Holger Parplies wrote:

>> But lots of other people including myself run rsync without errors so it 
>> has to be something unique to your situation.
> 
> well, no. You don't rule out bugs by "it works for me", not even by "it
> works for everyone I know". I'm sure you know that.

Anything is possible I suppose, but if I know something works for 
everyone else I move it to the bottom of the list of things to test.

> We don't know much about the "lots of other people", do we? We know there
> have been no further *reports* of it on this list, but I don't remember
> hundreds of people reporting success with rsync on RHEL4 either. You might
> know about other lists, I don't.

I know enough about mailing lists to expect a ton of matches on a google 
search for the 'no route to host' problem but I don't see much relating 
to a local LAN or RHEL there.   And I'm sure I'd have seen mentions on 
the Centos or fedora lists if it affected those very similar kernels.

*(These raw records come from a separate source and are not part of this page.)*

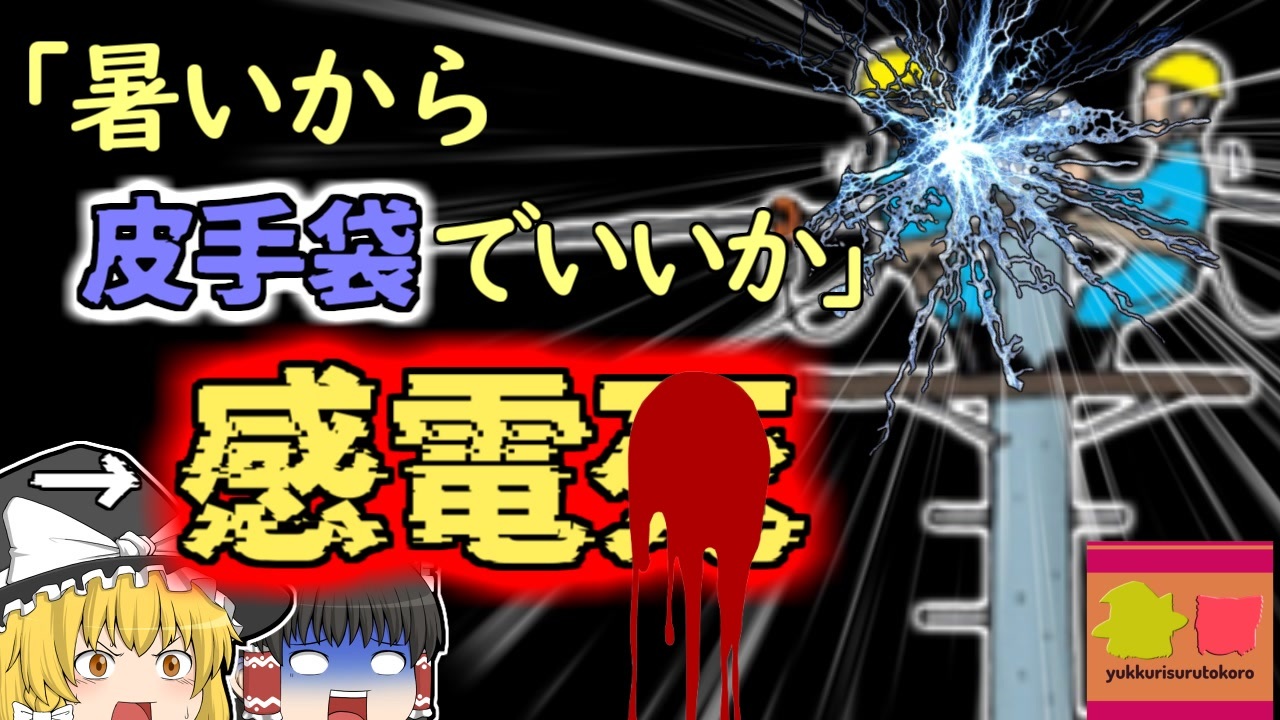 <a href="#" class="seekTime" data-seekTime="00:00" onclick="seekNicoPlayer('#00:00'); return false;">#00:00</a> 冒頭挨拶<br><a href="#" class="seekTime" data-seekTime="00:35" onclick="seekNicoPlayer('#00:35'); return false;">#00:35</a> 視聴上の注意<br><a href="#" class="seekTime" data-seekTime="1:17" onclick="seekNicoPlayer('#1:17'); return false;">#1:17</a> 電柱新設工事<br><a href="#" class="seekTime" data-seekTime="0:43" onclick="seekNicoPlayer('#0:43'); return false;">#0:43</a> 電気の通り道<br><a href="#" class="seekTime" data-seekTime="2:23" onclick="seekNicoPlayer('#2:23'); return false;">#2:23</a> 下請け業者の「Aさん」<br><a href="#" class="seekTime" data-seekTime="3:22" onclick="seekNicoPlayer('#3:22'); return false;">#3:22</a> 二人で電柱の上へ<br><a href="#" class="seekTime" data-seekTime="3:39" onclick="seekNicoPlayer('#3:39'); return false;">#3:39</a> 突然の被災<br><a href="#" class="seekTime" data-seekTime="4:26" onclick="seekNicoPlayer('#4:26'); return false;">#4:26</a> 原因の調査<br><a href="#" class="seekTime" data-seekTime="4:40" onclick="seekNicoPlayer('#4:40'); return false;">#4:40</a> ゴムではなく皮だった<br><a href="#" class="seekTime" data-seekTime="5:49" onclick="seekNicoPlayer('#5:49'); return false;">#5:49</a> 不十分だった安全衛生教育<br><a href="#" class="seekTime" data-seekTime="6:43" onclick="seekNicoPlayer('#6:43'); return false;">#6:43</a> 災害防止策<br><br><br>今回紹介するのは、以前リクエストをもらっていた「電気工事」に関する事例です。<br>東京都郊外にある、とある住宅街の一角ではこの日、電柱の新設工事が行われていました。<br>下請け業者の作業員である「Aさん」はこの日、同僚の「Bさん」と共に電柱に上り、各家庭へと電気を届けるための、100vの低圧電線を取り付ける工事を行っていましたが、突然彼は感電して意識を失ってしまいました。<br>Aさんはその後すぐに病院に搬送されて行きましたが、その途中でこの世を去ってしまいました。<br>実は当時、Aさんは夏の暑さで絶縁用のゴム手袋を使うことを避け、皮手袋を装着しており、その手で電線をにぎってしまっていたため、手から体を通して触れていた電柱に電気が流れてしまい、被災していました。<br><br>引用・出展・参考文献<br>厚生労働省 職場のあんぜんサイト<br><a href="https://ishort.ink/2hdy" target="_blank" rel="noopener nofollow">https://ishort.ink/2hdy</a><br>関西電気保安協会<br>電気の通り道 発電所から自宅まで<br><a href="https://ishort.ink/XBsU" target="_blank" rel="noopener nofollow">https://ishort.ink/XBsU</a><br><br />※この動画は過去の事件を知り、現在でも同じことが発生する危険性を再認識、関与しないように促すための動画であり、視聴者を扇動、動揺を誘うためのコンテンツではありません。<br><br>ご要望にお応えして、メンバーシップの開設を行いました。<br>下記URLからも登録可能ですので、ご興味がある方は是非ご参加ください。<br><a href="https://www.youtube.com/channel/UCcT5a1J7XJW7CLYI2RKl4pw/join" target="_blank" rel="noopener nofollow">https://www.youtube.com/channel/UCcT5a1J7XJW7CLYI2RKl4pw/join</a><br><br><br>Twitter<br>→<a href="https://twitter.com/yukkurisurutoko" target="_blank" rel="noopener nofollow">https://twitter.com/yukkurisurutoko</a><br><br>取り急ぎ、簡易的にですがマイリストを作りました。<br>【ゆっくり解説】事故・事件関係紹介リスト <br><a href="https://www.nicovideo.jp/mylist/71034319" target="_blank" rel="noopener nofollow">https://www.nicovideo.jp/mylist/71034319</a><br>【ゆっくり解説】放射線系事故<br><a href="https://www.nicovideo.jp/mylist/71034368" target="_blank" rel="noopener nofollow">https://www.nicovideo.jp/mylist/71034368</a><br>【ゆっくり解説】鉄道系事故・事件関連<br><a href="https://www.nicovideo.jp/mylist/71034379" target="_blank" rel="noopener nofollow">https://www.nicovideo.jp/mylist/71034379</a>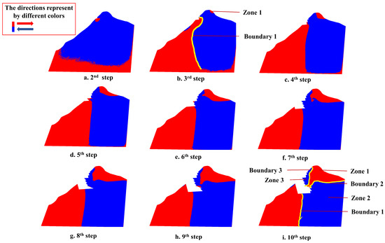 - The sliding surface of Model 1 is exposed on the slope surface (Figure 10a). The unexcavated part on the right is significantly deformed, which means the sliding block is pulling the unexcavated part of the rock mass. The coalescence of the plastic tensile zone appears on the 3rd, 5th, 7th and 8th steps (Figure 10c).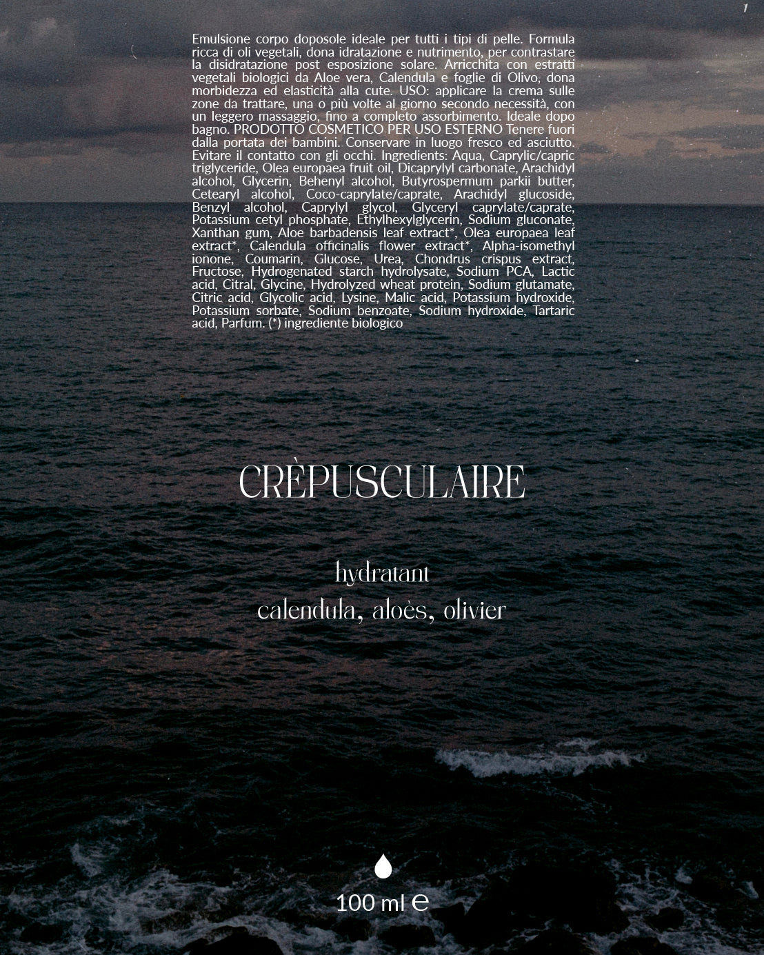 Crèpusculaire - Hydratant, Emulsione corpo doposole ideale per tutti i tipi di pelle. Formula ricca di oli vegetali, dona idratazione e nutrimento, per contrastare la disidratazione post esposizione solare. Arricchita con estratti vegetali biologici da Aloe vera, Calendula e foglie di Olivo, dona morbidezza ed elasticità alla cute. USO: applicare la crema sulle zone da trattare, una o più volte al giorno secondo necessità, con un leggero massaggio, fino a completo assorbimento. Ideale dopo bagno.

>> Maybe cables from a different vendor would help.
> 
> I doubt it, because other applications are doing well. It doesn't seem to be
> hardware related to me. I suspect the kernel on the host side (backup client)
> or its configuration. Of course, it may be hardware specific in that
> different hardware does not trigger whatever is happening (and that could
> include the switch, maybe, perhaps), but the cables? It's not the hardware
> where I would start looking, especially after Tim *has* tested quite a lot
> of different setups.

TCP retries can cover a lot of errors.  A bad crimp on a patch cable or 
an extra half-inch untwisted on the wall punch-downs can cause exactly 
this sort of thing.

> It could be stupid things like arp poisoning, a misbehaving machine on the
> local network or whatever. Remains the question what communication
> characteristics rsync has and SMB doesn't (hmm, SMB is UDP, isn't it?) that
> make the problem appear.

Arp poisoning is possible - maybe just someone plugging/unplugging a 
machine with the same IP somewhere else.  A badly configured NAT gateway 
  on the network doing proxy-arp the wrong direction could do it. If
there are multiple interconnected switches involved it could even be a 
loop with a spanning-tree problem.


> Tim sent me his /etc/sysctl.conf off-list, and I find it harmless (that
> refered to "kernel configuration" before I added the previous paragraph). As I
> understand him, he's about to try out different kernels (2.4.x ?), now that
> he has a test setup available. Swapping kernels is *not* something I'd happily
> do without further thought on a production server either, and I'm sure you
> agree.

If the machine can be taken down for testing, I'd boot a knoppix or 
ubuntu CD instead of installing something different.

> May I summarize a few points I believe we all agree on?
> 
> 1.) It's a client side problem, i.e. the backed up client seems to be the
>     cause, not the BackupPC server machine.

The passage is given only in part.